Rasulullah sangat tegas menjauhi sumpah yang berlebihan terhadap produk karena hal ini tidak
pernah menumbuhkan trust costumer.

Bukan hal mudah untuk membangun trust costumer, Rasulullah sendiri dalam memberikan
pelayanan kepada kostumer tidak hanya ketika kegiatan jual beli berlangsung, bahkan sesudah
kegiatan itu terjadi, diceritakan dalam sebuah hadis, Abdullah ibn Abdul Hamzah mengatakan,
"Aku telah membeli sesuatu dari Muhammad sebelum beliau menerima tugas kenabian, dan
karena masih ada suatu urusan dengannya maka aku menjanjikan untuk mengantarkan padanya,
tapi aku lupa. Ketika teringat tiga hari kemudian, aku pun pergi ke tempat tersebut dan
menemukan Muhammad masih berada di sana." Rasulullah berkata, "Engkau telah membuatku
resah, aku berada di sini selama tiga hari menunggumu." (H.R. Abu Dawud)

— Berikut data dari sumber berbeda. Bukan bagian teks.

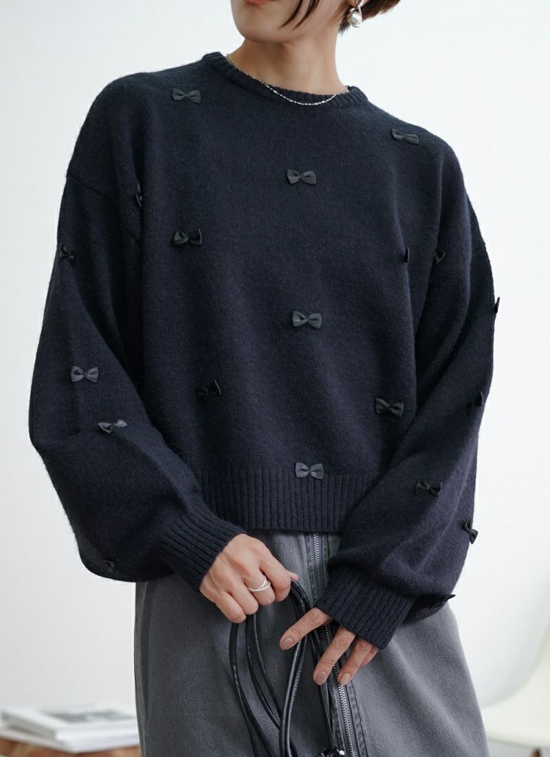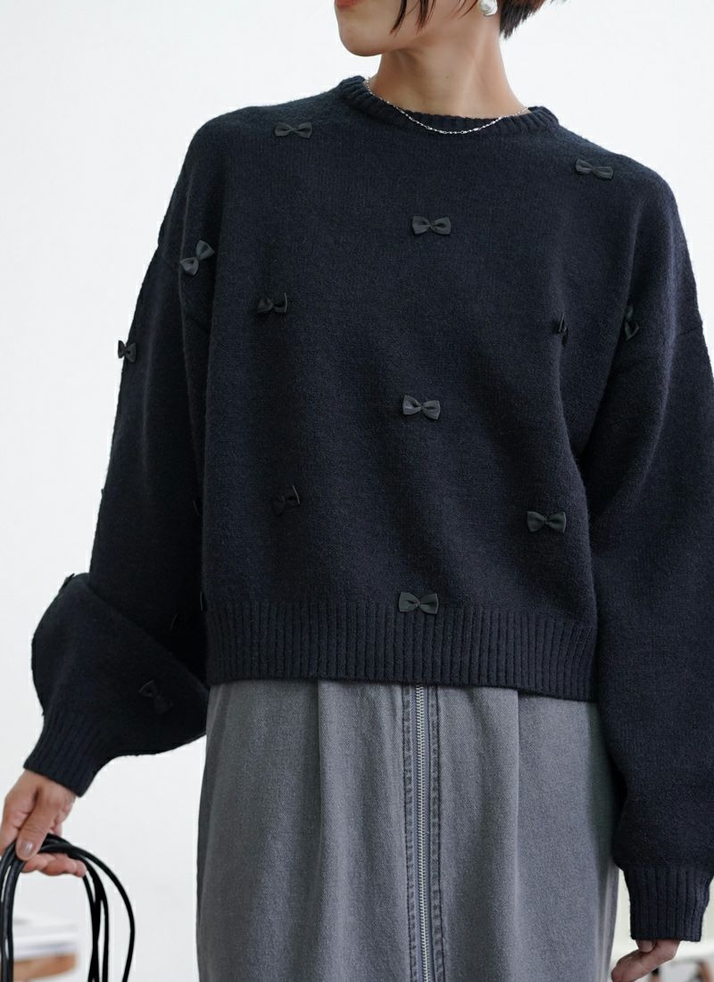 【新作おすすめ】 【30%OFF】アルパカタッチリボンニットプルオーバー

Berbadab-abad yang lalu, Rasulullah juga telah memprediksikan rusaknya perekonomian jika
perang harga terjadi, sehingga Rasulullah selalu mengingatkan kepada para pedagang lain untuk
tidak bersaing soal harga, melainkan bersainglah soal kualitas barang dan pelayanan kepada
kostumer. Beliau juga telah memperingatkan akan pentingnya kejujuran dalam dunia
perdagangan, bahkan Janelle Brarlow dan Dianna Maul menulis dalam buku mereka "Emotional
Value: Creating Strong Brand with Your Customer" menjelaskan bahwa dewasa ini kostumer
tidak lagi membutuhkan sebuah layanan atau produk kualitas tinggi, tapi nilai emosional yang
didapatkan seorang kostumer jauh lebih berharga dari layanan dan kualitas produk. Terkait hal
ini, Rasulullah bahkan telah mempraktekkannya jauh sebelum buku itu ditulis. Rasulullah
menyadari bahwa strategi marketing sesungguhnya tidak terbatas pada layanan dan kualitas
produk tapi juga pada hal-hal yang menyentuh sisi emosional.